My first time inside the store, my senses were assaulted. It was the largest store I had ever been to. It seemed to be its own world of cheesy crackers and tires and tampons and guns and flower pots and duvet covers. The florescent light turned my skin green, assimilating me to this strange society. Where the fuck was I? I was endlessly amused and incredibly horrified. I wandered the aisles, touching everything I could, though there was a lot of everything. I felt like a miniature, the shelves seemingly nearing the ceiling. I was astounded. I was hooked. I knew vaguely from being a concerned but somewhat disinterested citizen that Walmart was the serial killer of local businesses everywhere. But who could beat these prizes?

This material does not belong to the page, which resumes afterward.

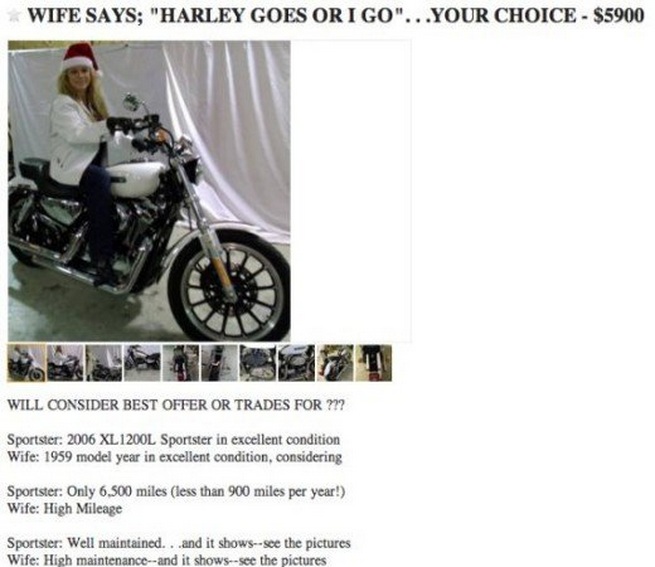 Mẩu quảng cáo của Bob White trên trang Craigslist, khu vực bang Virginia, Mỹ có tiêu đề rất kì cục: ‘Wife says: “Harley goes or I go”… Your choice.’(Vợ tôi nói: “Nó (Harley-Davidson Sportster) hay là em sẽ ra khỏi cái nhà này” … Tùy bạn chọn.)

So when Hannah asked me to accompany her on an adventure there at four AM last week, how could I say no? First, because in a store of endless options, there was surely something I would find to need. And second, I could not possibly let a young woman go there alone at night. Though I found that many of my stereotypes of a Walmart shopper were unrealistic during the day, like a horror movie, the freaks come out at night. This trip would only support this theory.

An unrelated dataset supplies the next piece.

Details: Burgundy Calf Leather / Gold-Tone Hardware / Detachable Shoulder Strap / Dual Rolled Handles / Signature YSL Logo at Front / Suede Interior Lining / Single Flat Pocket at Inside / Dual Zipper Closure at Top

Wandering the rows, trailing Hannah as she picked up this and that for her art project, the store was mostly empty. Those that were there were mostly grizzly old men, stocking shelves with canned peas and peaches, grumbling to themselves. There were so few people there that only one of the 20-some registers were open, the cashier a forty-something woman who looked more like sixty. Her eyes looked hallowed, covered in at least three layers of black eyeliner, and I avoided her gaze as she rang up the man in front of us, who seemed to be buying the whole store. I left Hannah there briefly as I ran to pick up grapes, a necessity I had not anticipated.

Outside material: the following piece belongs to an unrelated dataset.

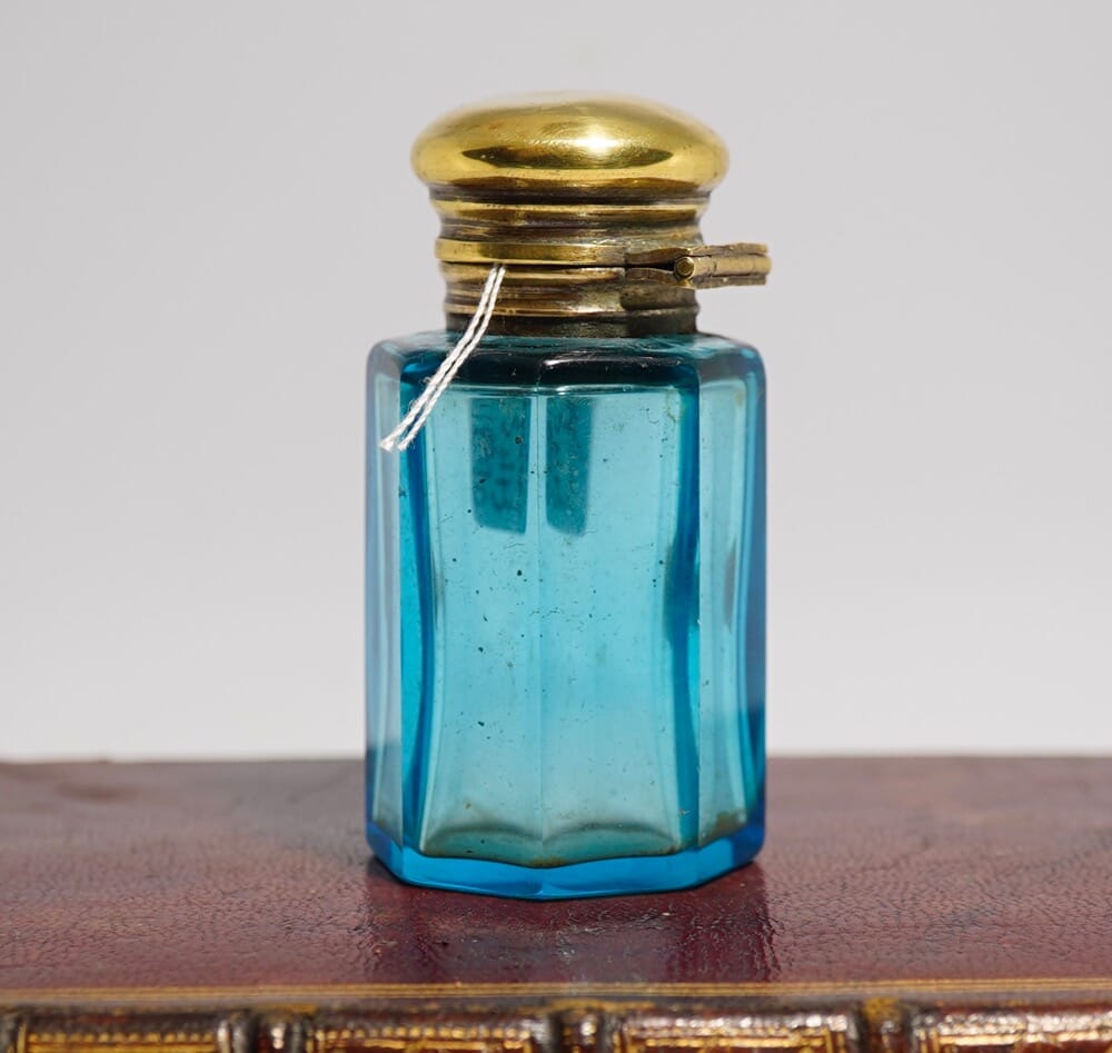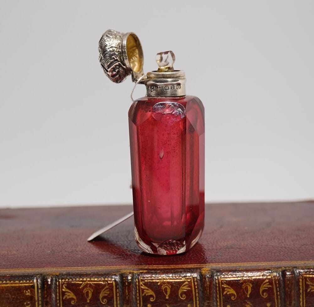 Victorian green cut glass perfume bottle of egg shape, mounted with gilt metal top, the chain with finger ring.

When I returned, Hannah looked horrified. She texted me as we stood next to each other. “That man just asked me about my butt. WHAT?” Here he was, the freak we had been waiting for. I took a closer look at the items he was buying, too scared to look up and meet his gaze. Dish towels, shoe laces, Pringles, a blue-ray copy of the Lion King, bins and buckets, lighters, five t-shirts, a case of crayons. The items that had already been scanned overflowed out of the plastic bags. He carelessly tossed several packs of gum on top of his immense pile. As we stepped as far away from him as possible, I observed him as subtly as possible.

His doughy skin layered his body in folds, hidden under a blue sweatshirt that had seen some rough times. He was sweating in streams, droplets pooling around his neck, though both of us were freezing. Behind smudged glasses, he looked at us and smiled, his teeth crooked like they were trying to move away from each other.

“Do you guys want me to pay for your stuff?” He asked. We immediately shook our heads, not wanting to know his price. He smiled again. “It’s okay, you know. I can afford it. I just won the lottery.”

“You what?” Hannah asked, no longer avoiding looking at him.

“I just won 32,000 dollars,” He said breathlessly. “Do you want me to pay for your stuff?”

“That’s okay,” I replied hurriedly. “We’re fine.”

He shrugged and paid for his items. When he left, the cashier’s eyes became muddy pools of wonder, her eyebrows shot up to her hairline. An outsider. She followed us to the door, worried that he might be out there, waiting for us. We thanked her profusely.

“He just spent over a thousand dollars at Walmart,” Hannah told me as we locked the car doors. “Why would anyone ever do that?”

I couldn’t answer. Suddenly, I was so far from home. We drove past shadowy cornfields and tractors, under the biggest sky I’d ever seen. It seemed to me that, despite its uniform layout and consistent low prices, Walmart, and Iowa, would never stop surprising me.